To do: The whole listing below, with no pictures, is to be repeated as it stands.

Data below:
##############################

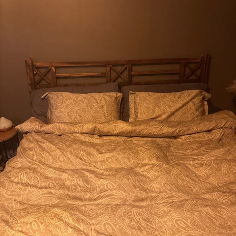 Sengegavl tilhørende en 180-seng. Kjøpt på Bohus for en del år siden. Like hel. Mørk grå med pyntebånd (offwhite/beige) rundt ytterkant. Ønskes solgt og hentet så fort som mulig. Høyde 118,5 cm. Dybde 9,5 cm.
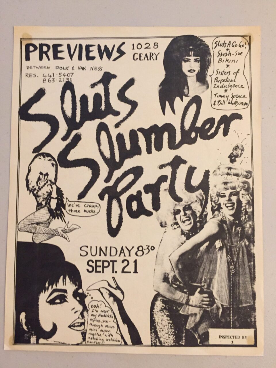 Sluts Slumber Party, Previews September 21, 1980. Design by Doris Fish. Miss X Collection Sluts Slumber Party Held at Previews performance space at Polk and Geary September 21, 1980, during the hiatus between Sluts A Go-Go: A Play with Music and the premiere of Blonde Sin. We are short on details, this was likely a…
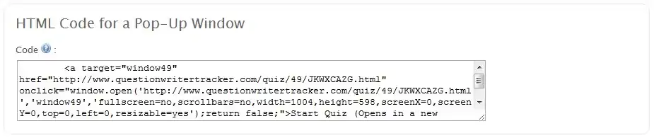 It's usually a good idea to use a pop-up window when linking to a quiz, as it will create maximum space, and removes the URL bar and the navigation buttons which can interfere with the quiz's own navigation. Question Writer Tracker generates HTML code to create a pop-up window for your quiz.
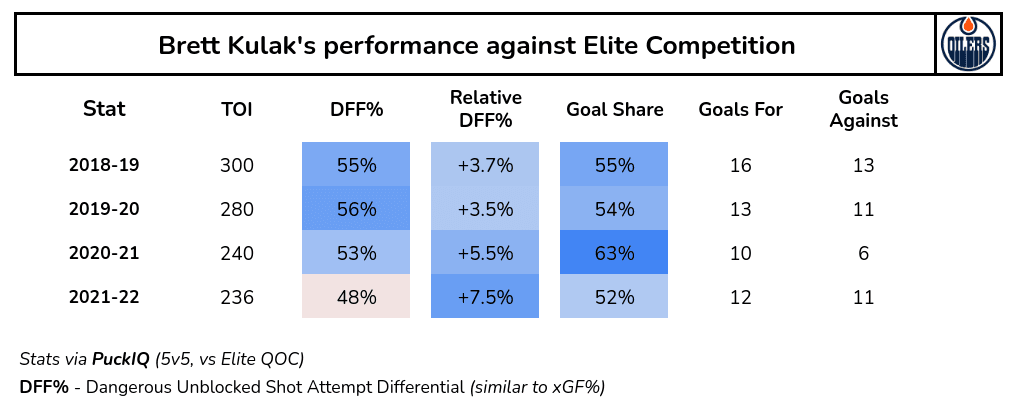 PuckIQ splits quality of competition into three tiers of players; elite, middle and gritensity. Here’s how Kulak performs against elite competition.

##############################

Written solution:
 Sengegavl tilhørende en 180-seng. Kjøpt på Bohus for en del år siden. Like hel. Mørk grå med pyntebånd (offwhite/beige) rundt ytterkant. Ønskes solgt og hentet så fort som mulig. Høyde 118,5 cm. Dybde 9,5 cm.
 Sluts Slumber Party, Previews September 21, 1980. Design by Doris Fish. Miss X Collection Sluts Slumber Party Held at Previews performance space at Polk and Geary September 21, 1980, during the hiatus between Sluts A Go-Go: A Play with Music and the premiere of Blonde Sin. We are short on details, this was likely a…
 It's usually a good idea to use a pop-up window when linking to a quiz, as it will create maximum space, and removes the URL bar and the navigation buttons which can interfere with the quiz's own navigation. Question Writer Tracker generates HTML code to create a pop-up window for your quiz.
 PuckIQ splits quality of competition into three tiers of players; elite, middle and gritensity. Here’s how Kulak performs against elite competition.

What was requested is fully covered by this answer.